A similar increase in reinforcement threshold is observed when the post-reinforcement pause method is used (Cassens and Mills,
1973). In this method the experimental subjects are trained under a concurrent fixed ratio (FR)–continuous reinforcement (CRF) schedule of reinforcement, in which the stimulation for the FR schedule is kept at maximal intensity whereas for the CRF stimulation is varied between zero and maximal. Increasing and decreasing stimulus intensity on the CRF schedule leads to the switching in schedule control over the behavior and a gradual disappearance and reappearance, of post-reinforcement pauses (PRPs) on the concurrent FR schedule. These PRPs are critical for providing a criterion for changeover in schedule control, and constitute a measure for reinforcement threshold (Buscher et al.,
1990). The threshold obtained through this method, like the one obtained with the curve shift method, is then used as a baseline against which the effect of various experimental manipulations are expressed quantitatively in psychophysical units therefore avoiding the confounds effects of drugs on response rate (Bozarth,
1987).
These studies suggest that LiCl produces a hypofunction of brain reward systems and immediate effects on reward. One of the goals of the present study was to further characterize reward devaluation of BSR by providing evidence of long-lasting effects of LiCl when non-contingent reward delivery is paired with this drug, using a paradigm commonly used with natural rewards (Holland and Rescorla,
1975; Adams and Dickinson,
1981; Schoenbaum and Setlow,
2005; Nelson and Killcross,
2006). An advantage of using this approach is that BSR will be given in a different context than where the rats will be trained or tested (instead of performance under the effects of the drug), therefore minimizing associations between training context and reward that could counteract the effects of LiCl.

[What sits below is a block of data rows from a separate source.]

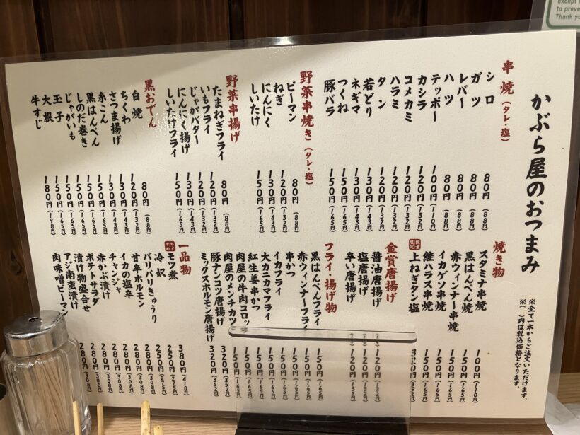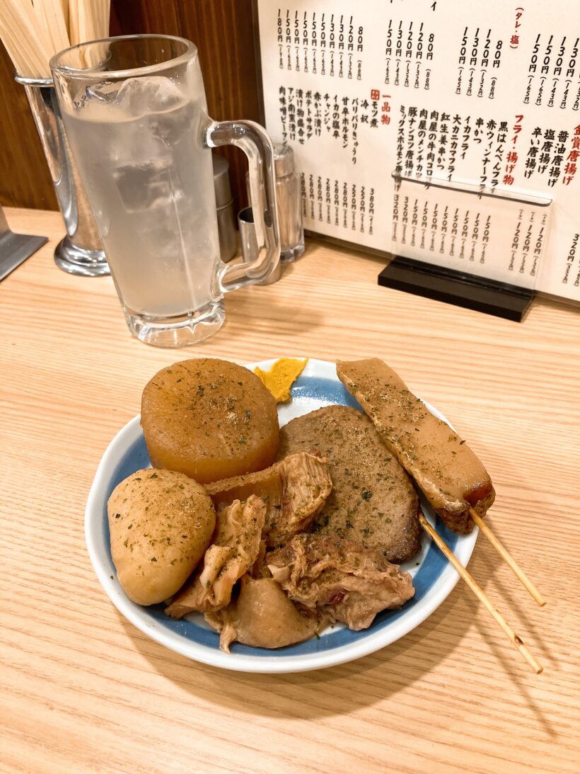 おでん8種、串焼き5種、モツ煮食べました。めちゃ食べてますね。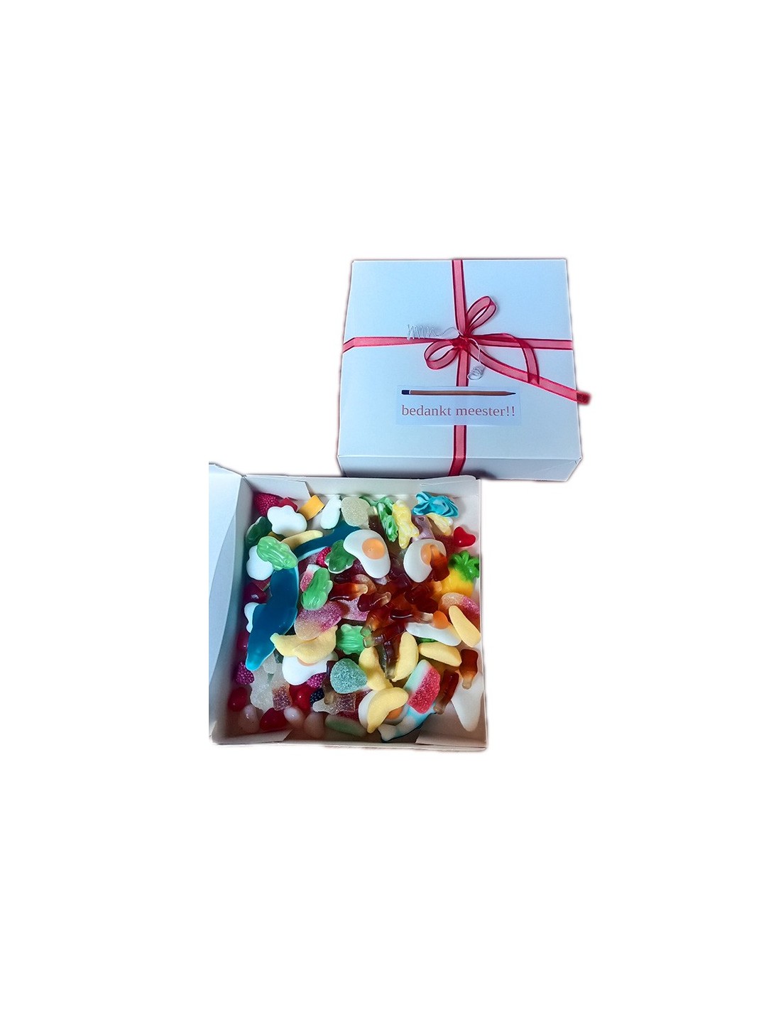 Ideale manier je meester te bedanken, keuze uit verschillend snoep zuur, normaal of mix, ook kunnen we gepersonaliseerde sticker maken voor erop , noteer dit bij opmerking en dan doen we dit.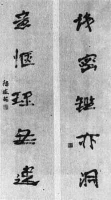 【简介】: 现代·徐生翁书。纸本。行书。五言联。凡上下联正文十字,款三字,共十二字。刊于《中国书法》一九八七年第三期。 【赏析】: 毋庸置疑,中年时期生翁的书法艺术,已臻相当水凖。然后一种对于艺术眞谛执拗的追求精神,对于书法渊源寻踪探本的意志,使徐生翁踏上了更进一步的探源之路。从篆籀用笔中体味法书的韵律;从殷墟文字中寻觅人与大自然相搏的痕迹;从靑铜铭文中汲取线条的组合画和字的精髓,一切源于自然而又复归于自然。“因以画意作书,天地万物,无一非书画粉本,于是以造物爲师,融书、画一炉而冶之。”由于徐生翁深厚的功力和超然的领悟,一种天眞可爱的书风终于从炉火纯靑的铸炼中脱頴而出。如五言联“识密鑒亦洞,意惬理无违”,何等超脱,又何等憨态可掬,是一杰作。 徐生翁此作,功力深厚,风格奇特,匠心独运。是熔秦、汉魏碑爲一体的奇逸浑雄自成一格的力作。其用笔拙实涩辣,而又灵动自然。笔到之处变化精微,字体结构精整茂密、纵敛之中异趣顿生;虽字字独立,但字势安排倾侧相顾,且又整体气息相通、和谐统一。具体地说:作品中“密”字,其“宝盖”右角转处,取篆书之圆转用笔增加了此处的力度,使之更浑厚,同时又使此字的整体更统一。而“识、鑒”的转处则以简书、章草的笔法出之,这些现象在徐生翁有意追求的创作中随处可见,并且处理得恰到好处,这是与他对这一门类艺术的变化掌握的极其精熟密不可分。 徐生翁对书法艺术的理解,正是他所书联语(识密鑒亦洞,意惬理无违)中的那种出规入矩而又超然脱俗,个人精神的追求。 他取法得汉、魏,趣味特异,雄强静穆,表现风格属于简括、拙实苍茫一路,在他作品中一扫淸初碑派书风流于太狂放之弊。正是由于他对书法艺术精深的领悟和其超然脱俗的胆识,决定了他书法艺术创造上的成功。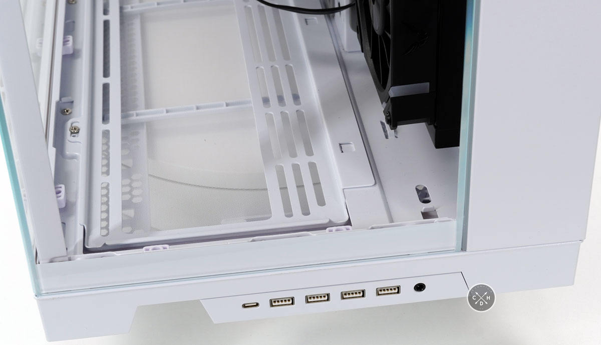 On fait un rapide tour du propriétaire, puisqu'il reprend l'aspect général des autres modèles de la série. On voit un panneau vitré encore plus large que les autres, la plaque latérale qui supporte les boutons de mise en marche et la gestion de l'éclairage, et la connectique externe toujours installée sur un support mobile qui propose ici quatre ports USB 3.0, un port USB Type-C et l'audio sur un seul mini jack.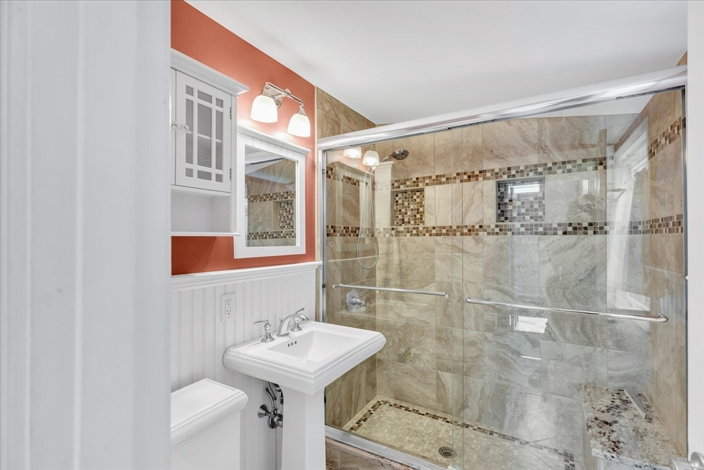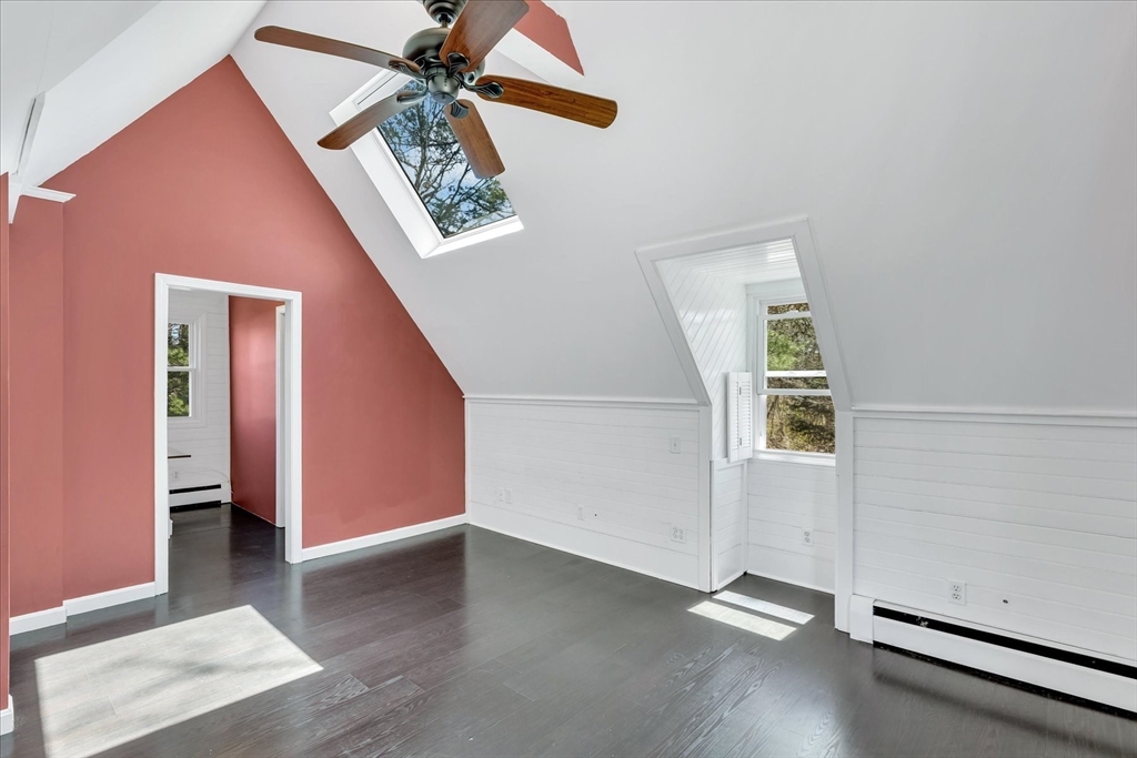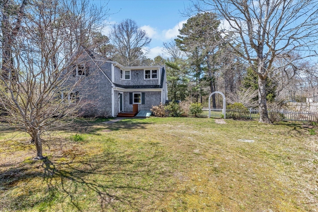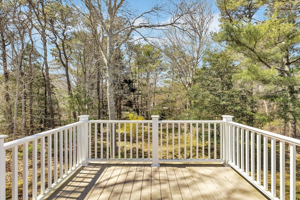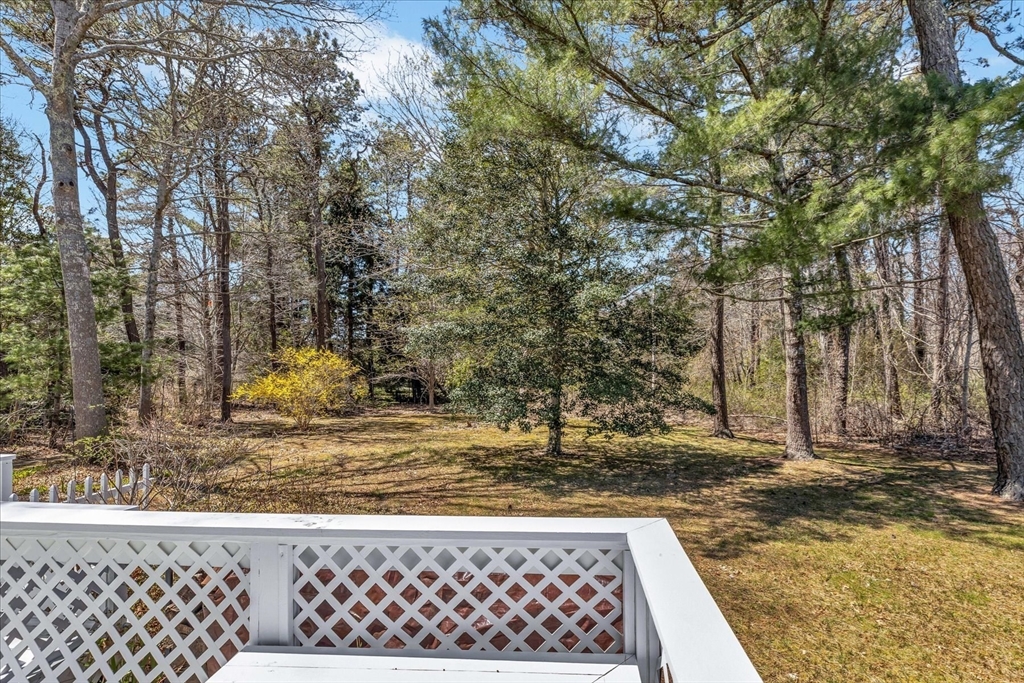 Tucked into a private, nearly acre wooded setting that feels worlds away from everyday life, this home offers a peaceful retreat with warmth, character, and room to breathe. Set well back from the road down a long drive, the home is largely hidden from view, creating a quiet sense of seclusion while still offering convenient access to Sandwich amenities, conservation areas, golf, and nearby beaches. Just down the sidewalk is Snake Pond Beach, ideal for swimming, kayaking, or relaxing by the water. Inside, wood floors, a stone fireplace, built-ins, and inviting living spaces create timeless charm. The kitchen and baths are nicely updated, while the upper level offers vaulted ceilings, skylights, and glass doors opening to a balcony overlooking the trees. The finished lower level with its own fireplace adds flexible space for living, work, or recreation. Outside, a spacious deck and generous yard invite outdoor dining, gardening, or quiet afternoons surrounded by natural beauty.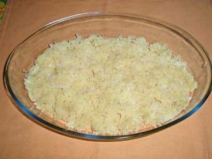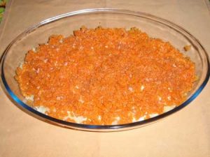 - ضعي الجزر المبشور على تفاحة مع البطاطا. الفلفل و الشحوم مع القشدة الحامضة.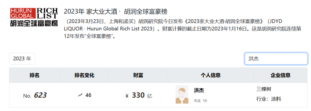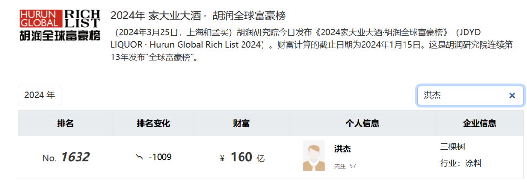与此同时洪杰的财富已经大缩水。《胡润全球富豪榜》显示,在2023年时,洪杰的财富为330亿元,到了2024年,洪杰财富为160亿元。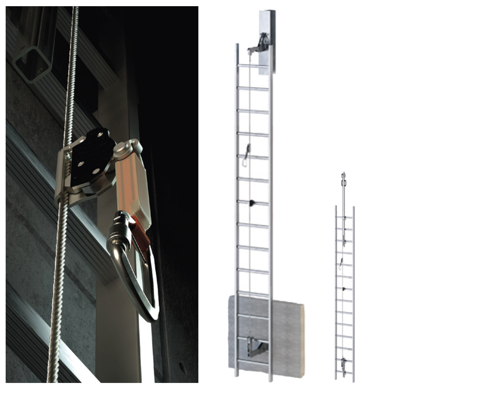 The system's special-purpose supports enable installation on CLT, concrete, or steel substructures, with adjustable wall-to-lifeline spacing and functionality for walls inclined up to 15° from vertical.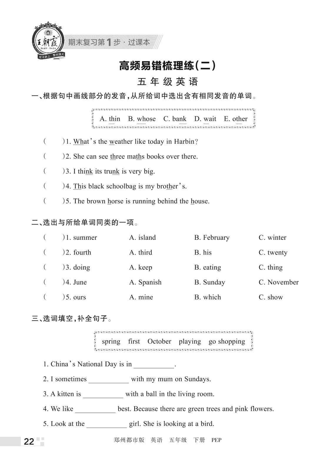 王朝霞期末过课本——高频易错梳理练(二)五年级下册英语(PEP版)_R220331103304818
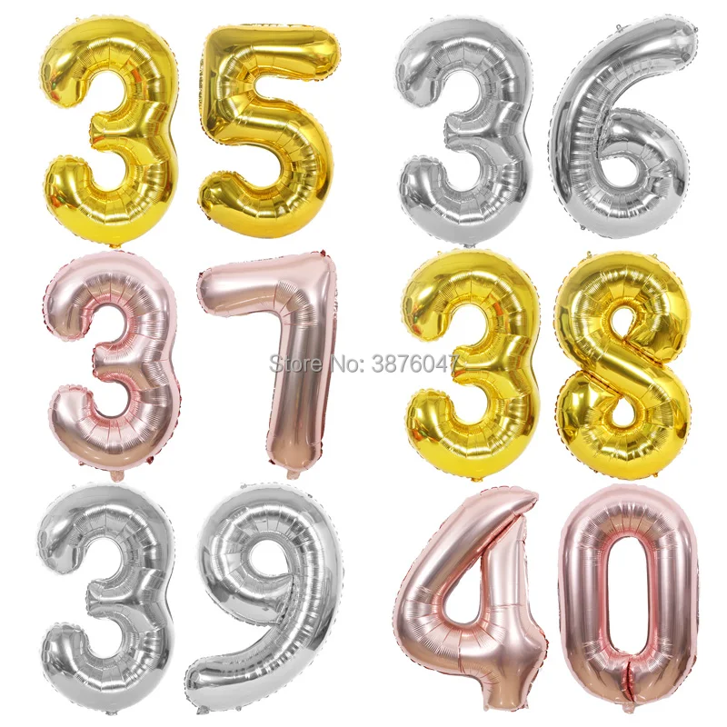 Воздушные шары 40 дюймов, золотые, серебряные, юбилей, вечеринка, украшение, 35, 36, 37, 38, 39, 40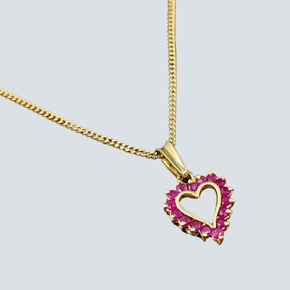 A necklace in 14k gold set with a heart shaped ruby pendant. Rubies mounted in 14k gold. Necklace l. 36,2 cm. Pendant h. 1,2 cm, w. 1,1 cm.

Additionally we also evaluated the effects of AM251, a cannabinoid receptor (CB1) antagonist. Behavioral output during the pursuit of reward can be potently modulated by activation of CB1 receptors, which are ubiquitous in brain circuitry associated with reward (Solinas et al.,
2008). For example, injection of a CB1 agonist can reinstate drug-seeking behavior (De Vries et al.,
2001). Similarly CB1 receptor agonists can potentiate the rewarding effect of drugs of abuse and natural rewards (Gallate et al.,
1999; Valjent et al.,
2002; Solinas et al.,
2005); whereas antagonists have the opposite effect (Fattore et al.,
2003,
2007; Cippitelli et al.,
2005; Economidou et al.,
2006). When the role of CB1 receptors is evaluated in the context of BSR the results are contradictory. Some studies using CB1 receptor agonists show small or no decreases in self-stimulation threshold (Lepore et al.,
1996; Arnold et al.,
2001); whereas other experiments report pronounced decreases in self-stimulation thresholds (Vlachou et al.,
2005,
2006). When CB1 receptor antagonists are used, similar contradictory results are observed; some studies report no effects (Vlachou et al.,
2005; Xi et al.,
2008) whereas other show significant increases (Deroche-Gamonet et al.,
2001; De Vry et al.,
2004). The contrast between the robust effects of CB1 receptor manipulations on the reinforcing effects of natural rewards and drugs of abuse with those obtained with BSR could be an indirect indication of what factors are affected by CB1 receptor activation. It is possible that these receptors elicit a change in reinforcement by affecting the organism’s motivational state and not the reward’s intrinsic value. Indeed, it has been recently reported that CB1 receptors produce their effects on BSR by altering factors others than reward sensitivity (Trujillo-Pisanty et al.,
2011). Therefore we hypothesized that the effects of pairing AM251 with non-contingent rewarding stimulation should not produce enduring effects on the valuation of reward.